Still, Moore wrote that he had no choice but to travel the world to learn about radical Islam first-hand in between his classes at Oxford (the Rhodes Scholarship funds travel for its winners).

It was during these travels that Moore learned how to “code switch,” the future governor wrote.

“I hung out at mosques in southern Lebanon, spoke with government officials and shopkeepers in Syria, smoked hookah pipes with young revolutionaries in Cairo, and traveled down to Foz de Iguazu with a former Argentinean intelligence officer,” Moore wrote, adding that he accomplished all of this with a tenuous grasp on the Arabic language.

“I grew out the hair on the top of my head, let a patchy beard sprout on my face, grabbed my passport, and went,” Moore wrote. “I tried to be a silent chameleon, watching subjects, movements, and tendencies. I tried to fit in, despite my former college football player’s frame, the oddness of being a black man in some of the areas I visited, and the occasional Baltimore twang inflecting my broken Spanish or Arabic.”

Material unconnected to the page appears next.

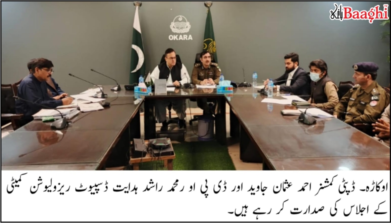 اوکاڑہ (نامہ نگار ملک ظفر)ڈپٹی کمشنر احمد عثمان جاوید اور ڈی پی او محمد راشد ہدایت کی زیر صدارت ڈسپیوٹ ریزولوشن کمیٹی کا اجلاس منعقد ہوا جس میں جائیداد سے متعلق 15 کیسز کی سماعت کی گئی۔ اجلاس میں ایڈیشنل ڈپٹی کمشنر ریونیو محمد شجین وستر، تینوں تحصیلوں کے اسسٹنٹ کمشنرز اور ایس ڈی پی اوز نے بھی شرکت کی۔

“This is what I’ve come to think of as the code-switching bonus—a reluctant survival tactic for a kid from the Bronx or Baltimore turned into a life skill,” he wrote.

Moore, of course, didn’t live in Baltimore until he attended college at the elite Johns Hopkins University, where he’s unlikely to have picked up “a Baltimore twang.” While living as a child in the Bronx, he attended the exclusive Riverdale Country School, where John and Robert F. Kennedy also went. He left the school for a military academy after he was facing expulsion for graffiti and other infractions.

As evidence of his expertise, Moore said in his White House fellowship application that, by 2006, he had authored four articles and was “featured in two books on the threat of radical Islam in Latin America.”

His office could not locate the four articles. Academic databases, including Google Scholar and JSTOR, contain precisely zero articles by Moore on the topic of radical Islam, nor do the databases contain any scholarly works that cite Moore’s thesis or any other scholarly works as a source.

Moore did make contributions to two books, both published by the Council for Emerging National Security Affairs, a nonprofit think tank founded by Moore’s friend Fenzel. In one book, The Faces of Intelligence Reform, a collection of essays from junior national security leaders, Moore contributed a 773-word essay—not about radical Islam—praising the George W. Bush administration for establishing the Office of the Director of National Intelligence. Moore produced no original research for the essay.

Moore’s contribution to a second book, Beyond The Campaign, was a researched essay about radical Islam in the Tri-Border region of Paraguay, Argentina, and Brazil.

Moore’s office pointed the Free Beacon to one of his sources for that essay, the journalist Sebastian Junger, author of the bestselling nonfiction book about Massachusetts commercial fishermen, The Perfect Storm, which was made into a George Clooney movie. Junger told the Free Beacon he spoke with Moore sometime in 2002 about radical Islam in the Tri-Border region. He said Moore “had informed questions, which is what every journalist or researcher hopes to have,” but declined to comment when asked if it is fair to characterize Moore as a “foremost expert” on the topic.

“I don’t know his body of work,” Junger said. “He may or may not be. I don’t have a basis for saying that.”